[OpenSIPS-Users] Chasing down unreleased memory

Jock McKechnie jock.mckechnie at gmail.com
Mon Oct 1 16:31:56 EDT 2018


To complete the thought process in the previous eMail,

I have now tested three times-
Restart OpenSIPS, a sharp ramp at 50 calls per second to 5500
channels, hold for ~20 minutes, stop the calls, let the existing calls
drop and then stop OpenSIPS after 6 minutes.

With:
1) compression.so removed
2) compression.so included, but mc_compact() commented out
3) compression.so included, mc_compact() being called on all calls.
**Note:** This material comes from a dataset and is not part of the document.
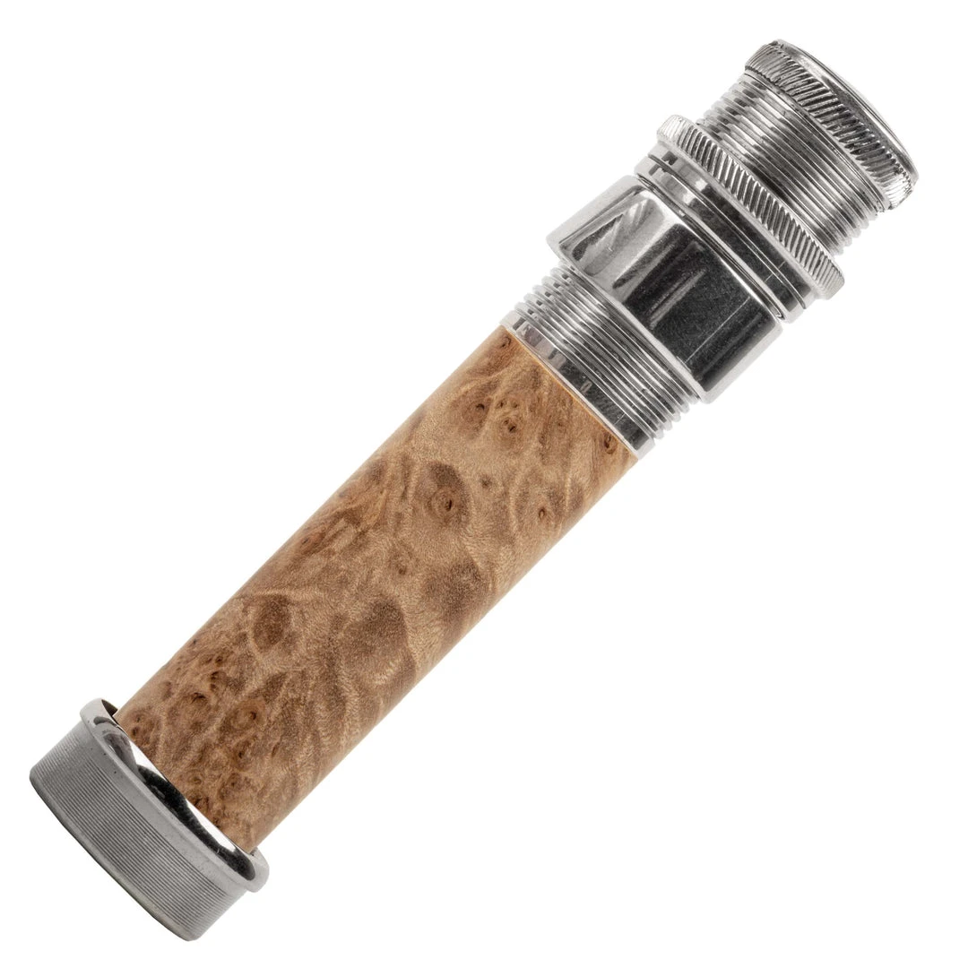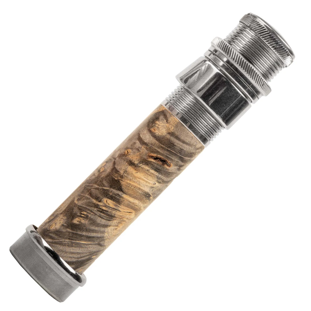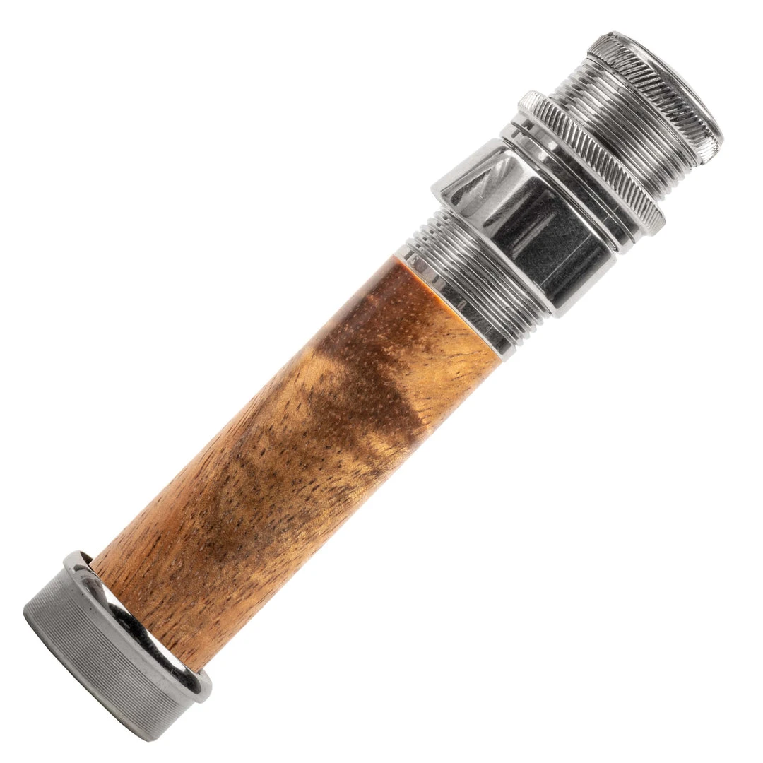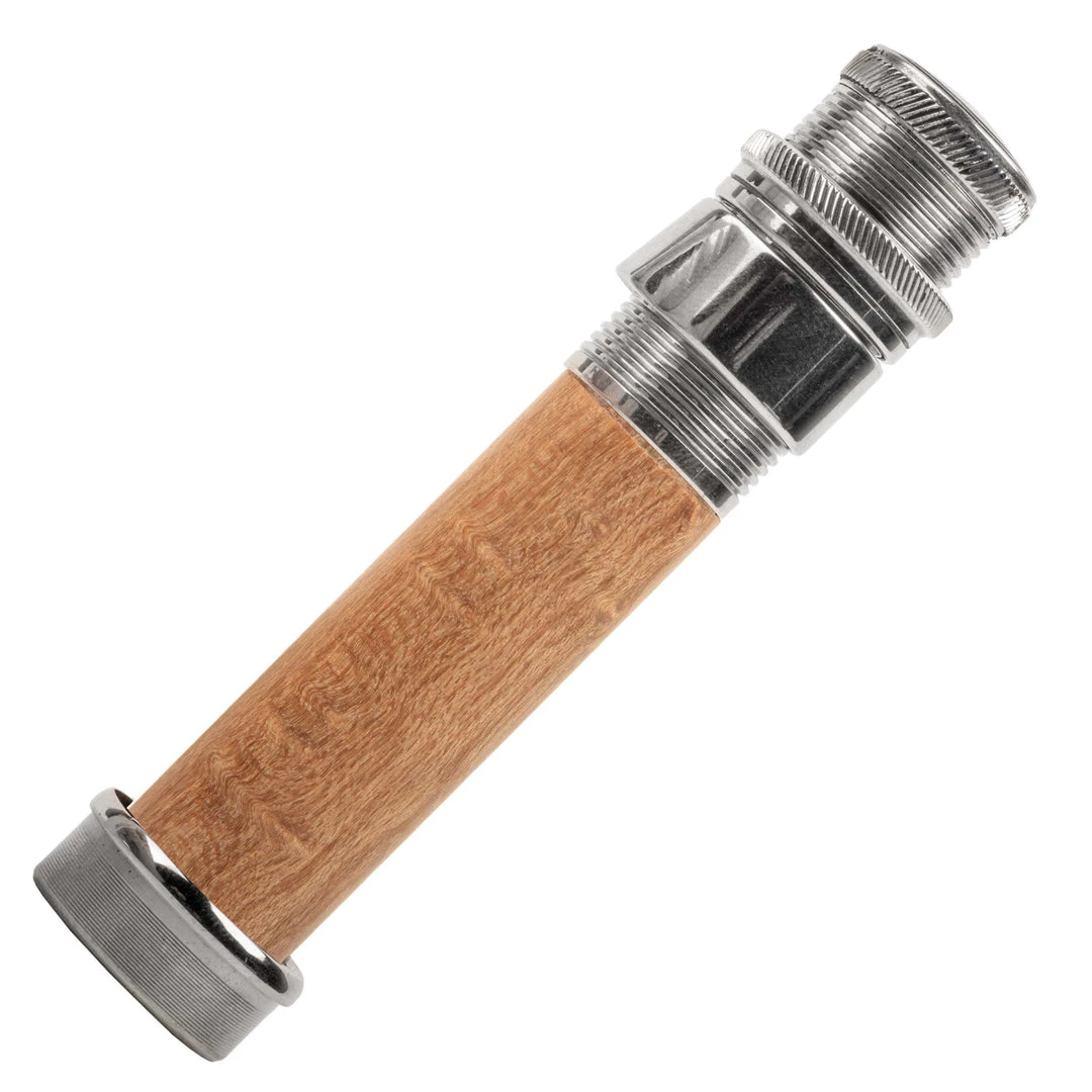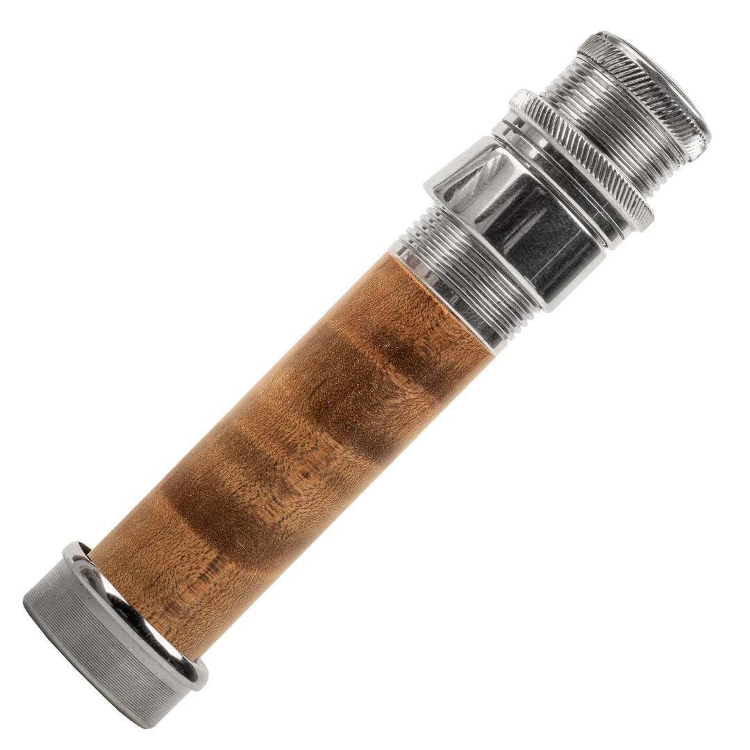 Lightweight reel seat featuring uniquely shaped milled slide, milled hood, single knurled nut with trim band. Butt cap features REC’s unique stepped design.

Usage is consistent on 1 and 2 - clearly including mc_compact() causes
all sorts of things to go astray in memory. What's got me puzzled is
that while the shmem shows the drastic memory usage (peak at 124MB vs
22MB at the same call volume) none of the groups I have set up - which
should include pretty much every module - show a corresponding spike
in memory usage. Wherever the memory is going it's not being tracked
by the statistics debug feature and placed in one of the groups.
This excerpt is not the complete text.